AVAILABLE DATA Start Marker

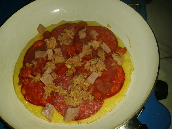 A continuación ponemos ingredientes que queramos poner en nuestra pizza, tomate frito, orégano, jamón york, atún, salchichón, chorizo, etc..... y por último queso rallado.
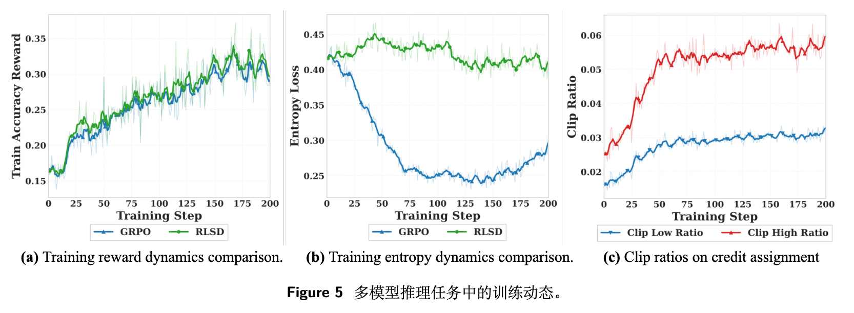 熵的变化:由于 GRPO 的序列级同质化惩罚,模型的生成熵坍塌得较快。而 RLSD 通过精确选择性地增强关键推理 Token,避免了所有位置的无差别抑制,从而维持了更健康的熵水平,有助于更好的探索。 -
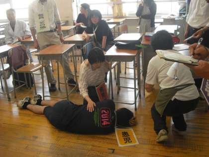 放課後に、アナフィラキシーショックによる研修会を行いました。DVDの視聴による対応訓練、エピペンの使用方法と練習のあと、教室でのシミュレーション訓練を行いました。訓練で出された課題に対して対応を確認して、生徒の一層の安全確保に努めます。(副校長)
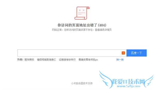 1.我们极度重视用户的体验,“404”是空白页面和错误代码,我们在其中加入快捷搜索旨在网页出错时帮助用户更便利的继续浏览。很多系统和浏览器也做了类似的功能,用户如果不需要,通过小米路由器的手机 APP 即可关闭。
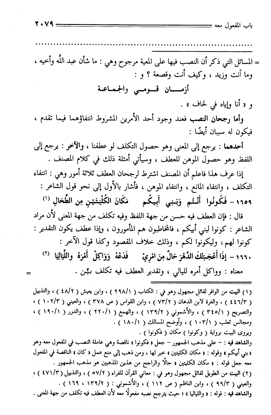 والشاهد فيه: - على مذهب الجمهور - جعل «فكونوا» ناقصة وهي عاملة النصب في المفعول معه وهو «بني أبيكم» وقوله: «مكان الكليتين» خبر لها، ومن ذهب إلى منع عمل «كان» الناقصة في المفعول معه جعل قوله: «مكان الكليتين» حالا والراجح من هذين المذهبين هو مذهب الجمهور.
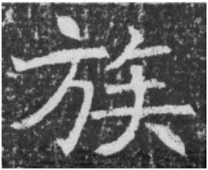 【提示】右下是矢,不要错写成天。 *族zú11画 方部 (1) 同姓的亲属: ~兄|~长(zhǎng)|家~|宗~。 (2) 民族;种族: 汉~|回~|斯拉夫~。 (3) 事物有某种共同属性的一大类: 水~馆|工薪~|追星~|打工~。 (4) 灭族,古代的一种酷刑,将罪犯的整个家族都处死。 族 ☚ 旅 冥部 ☛ 族zú甲骨文以来的会意字。 从㫃(yǎn,也即“旗”的本字),从矢。表示一家族或氏族团结在一旗帜下,用锐利能远射的武器共同御敌。甲骨文或从两矢。也是镞(箭头)的本字。小篆有镞字。族是聚居而有血统关系的人群的统称。如:宗族|家族|氏族。组词如:族类。氏族再发展进步成民族。如:汉族|回族。古汉语有灭(国),诛戮义。引申指事物有共同属性的一大类。如:水族|芳香族。 族★常◎常

AVAILABLE DATA End Marker

- **WHAT TO WORK ON**
Copy out each record shown above without alteration, skipping any picture.

- **RESPONSE FOR THIS EXERCISE**
 A continuación ponemos ingredientes que queramos poner en nuestra pizza, tomate frito, orégano, jamón york, atún, salchichón, chorizo, etc..... y por último queso rallado.
 熵的变化:由于 GRPO 的序列级同质化惩罚,模型的生成熵坍塌得较快。而 RLSD 通过精确选择性地增强关键推理 Token,避免了所有位置的无差别抑制,从而维持了更健康的熵水平,有助于更好的探索。 -
 放課後に、アナフィラキシーショックによる研修会を行いました。DVDの視聴による対応訓練、エピペンの使用方法と練習のあと、教室でのシミュレーション訓練を行いました。訓練で出された課題に対して対応を確認して、生徒の一層の安全確保に努めます。(副校長)
 1.我们极度重视用户的体验,“404”是空白页面和错误代码,我们在其中加入快捷搜索旨在网页出错时帮助用户更便利的继续浏览。很多系统和浏览器也做了类似的功能,用户如果不需要,通过小米路由器的手机 APP 即可关闭。
 والشاهد فيه: - على مذهب الجمهور - جعل «فكونوا» ناقصة وهي عاملة النصب في المفعول معه وهو «بني أبيكم» وقوله: «مكان الكليتين» خبر لها، ومن ذهب إلى منع عمل «كان» الناقصة في المفعول معه جعل قوله: «مكان الكليتين» حالا والراجح من هذين المذهبين هو مذهب الجمهور.
 【提示】右下是矢,不要错写成天。 *族zú11画 方部 (1) 同姓的亲属: ~兄|~长(zhǎng)|家~|宗~。 (2) 民族;种族: 汉~|回~|斯拉夫~。 (3) 事物有某种共同属性的一大类: 水~馆|工薪~|追星~|打工~。 (4) 灭族,古代的一种酷刑,将罪犯的整个家族都处死。 族 ☚ 旅 冥部 ☛ 族zú甲骨文以来的会意字。 从㫃(yǎn,也即“旗”的本字),从矢。表示一家族或氏族团结在一旗帜下,用锐利能远射的武器共同御敌。甲骨文或从两矢。也是镞(箭头)的本字。小篆有镞字。族是聚居而有血统关系的人群的统称。如:宗族|家族|氏族。组词如:族类。氏族再发展进步成民族。如:汉族|回族。古汉语有灭(国),诛戮义。引申指事物有共同属性的一大类。如:水族|芳香族。 族★常◎常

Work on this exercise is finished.